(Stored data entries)

---

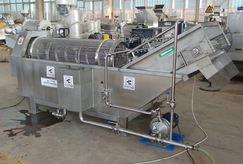 該清洗機(jī)采用逆流洗滌原理壓噴淋管,使物料在整個(gè)翻轉(zhuǎn)移動(dòng)的過程中又受到高壓水的噴淋沖洗,清洗效果好,可有效除泥、除沙。清洗后的物料由清洗槽內(nèi)的提升機(jī)提升到下道工序。,物料從進(jìn)口流入清洗機(jī)滾筒內(nèi),隨著滾筒內(nèi)壁的螺旋轉(zhuǎn)動(dòng)至出口,而清洗槽內(nèi)的水,在滾筒內(nèi)螺旋的反作用下流向清洗機(jī)進(jìn)口,與物料逆向運(yùn)動(dòng),同時(shí)在滾筒內(nèi)安裝有高
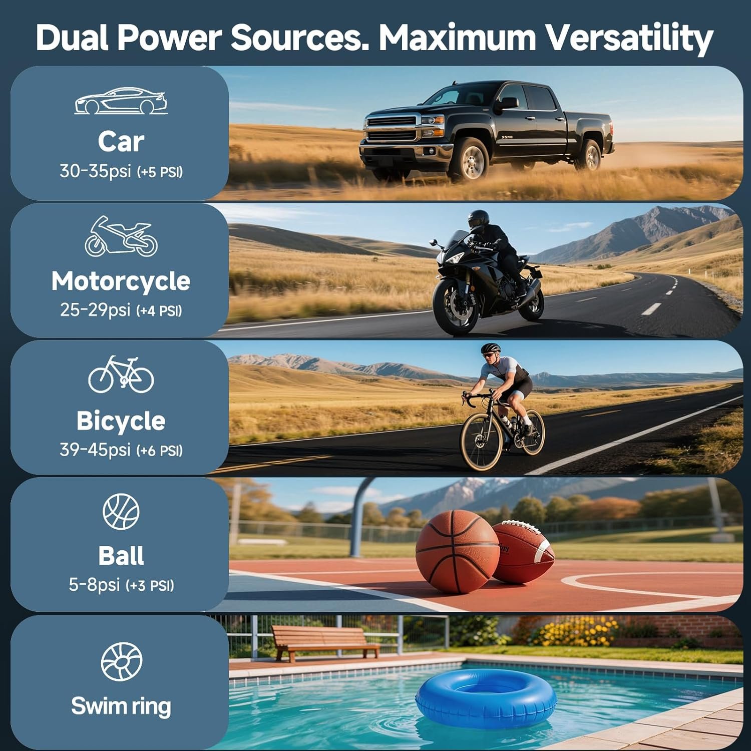 [Dual Power Mode: Power Your Way] Enjoy ultimate inflation flexibility. This tire inflator operates in two convenient ways: Cordless Freedom: Use the built-in rechargeable battery for quick, on-the-go inflation anywhere Continuous Power: Plug into any standard 12V car cigarette lighter using the included cable for endless, worry-free operation
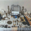 Evde yapılan aramada; 500 gram altın tozu, 335 adet değerli taş ve 13 tarihi eser niteliğinde obje bulundu.
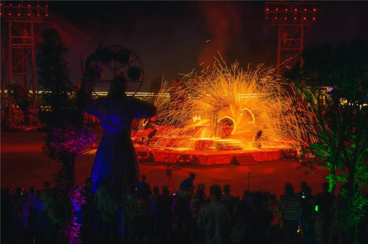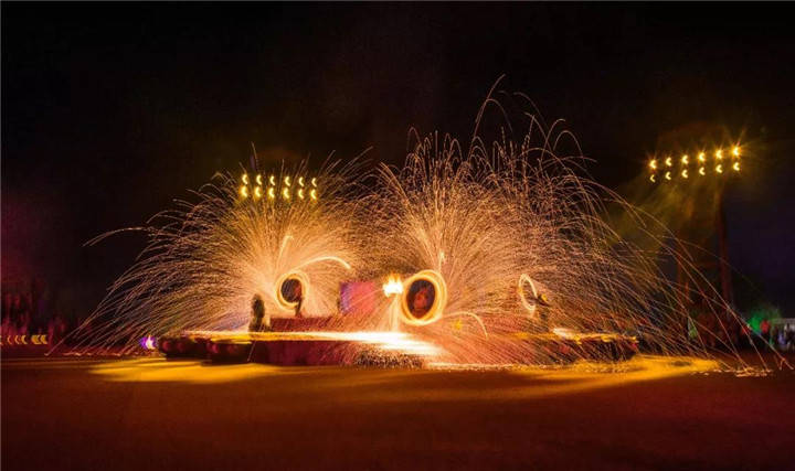 最厉害的就要数非遗传统艺术表演「打铁花」,颇为惊险、壮观。 匠人拿着木勺子甩沸腾的铁水,瞬间炸出无数朵金色的“花雨”,一勺又接一勺,一瞬间如白昼一般,把整个夜空都照亮了。
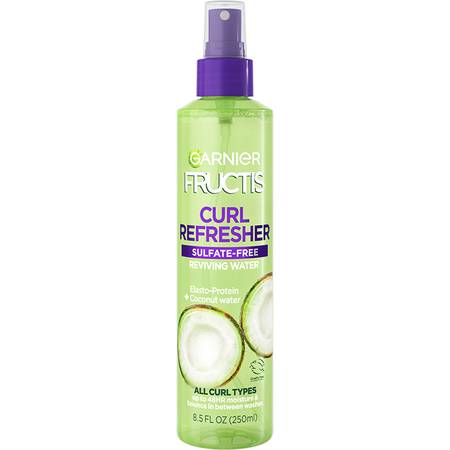 Garnier Fructis Curl Refresher Reviving Water will have your hair bursting with hydration for up to 2 days. It instantly knocks out frizz and brings back bounce to your curls in between washes.
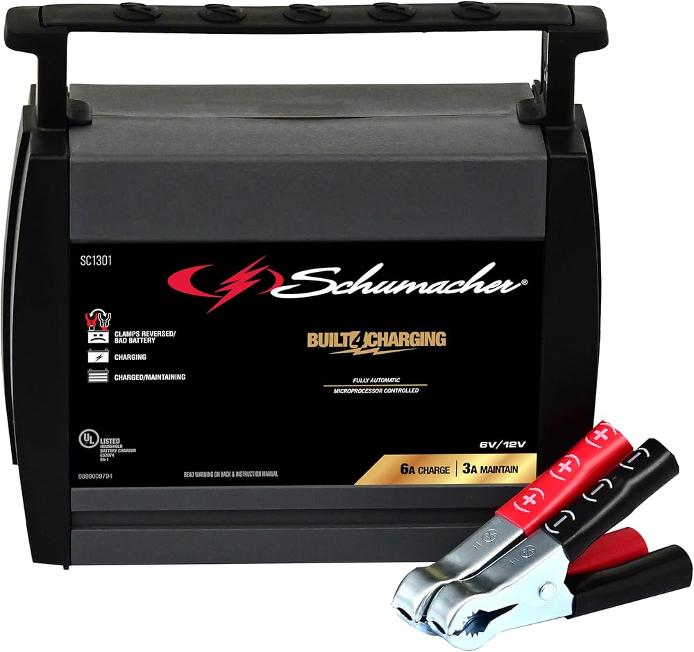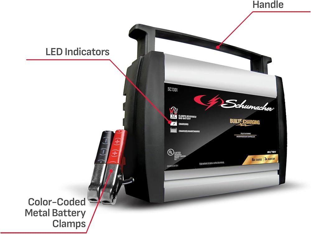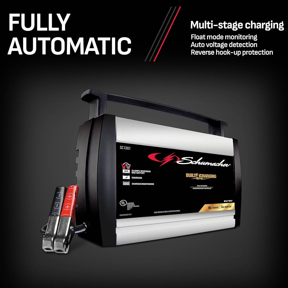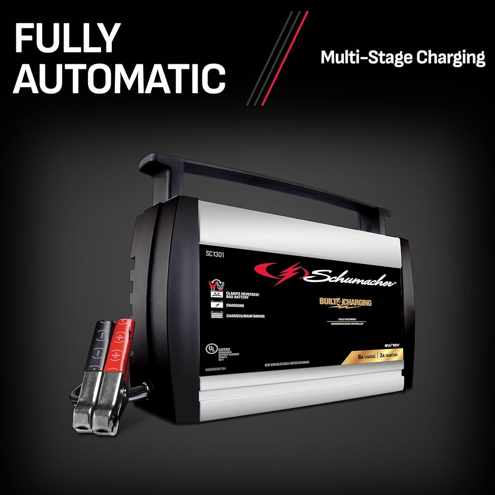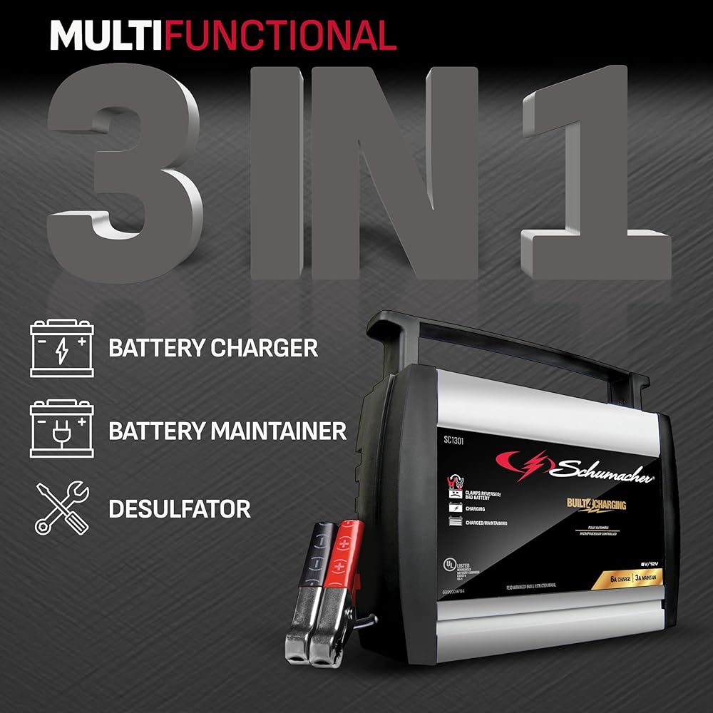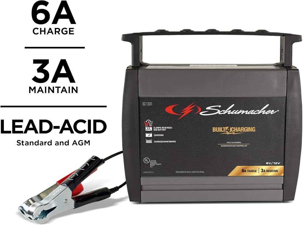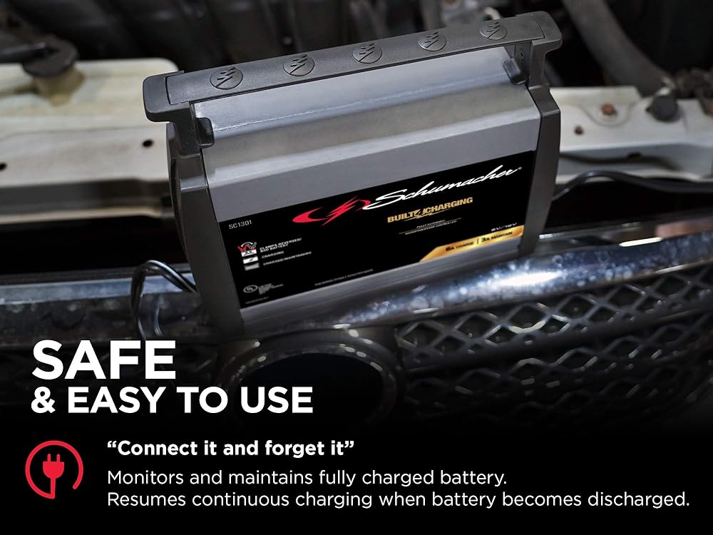 The Schumacher SC1301 Battery Charger and Maintainer is a great option for car, boat, or power sport batteries. Energy efficient and automatic, the unit features easy to connect clamp and ring terminal adapters. The microprocessor automatically adjusts the amperage rate, with multi-stage charging and float mode monitoring for optimum charging and maintaining to extend battery life. Includes reverse hook-up protection which prevents the charger from operating if the clamps are reversed. Schu Eco Energy meets the highest industry standards. Compatible with standard and AGM batteries.

---

Repeat exactly, and only, the entries from the line with "Evde yapılan aramada;" through the line with "最厉害的就要数非遗传统艺术表". Pictures are skipped.

 Evde yapılan aramada; 500 gram altın tozu, 335 adet değerli taş ve 13 tarihi eser niteliğinde obje bulundu.
 最厉害的就要数非遗传统艺术表演「打铁花」,颇为惊险、壮观。 匠人拿着木勺子甩沸腾的铁水,瞬间炸出无数朵金色的“花雨”,一勺又接一勺,一瞬间如白昼一般,把整个夜空都照亮了。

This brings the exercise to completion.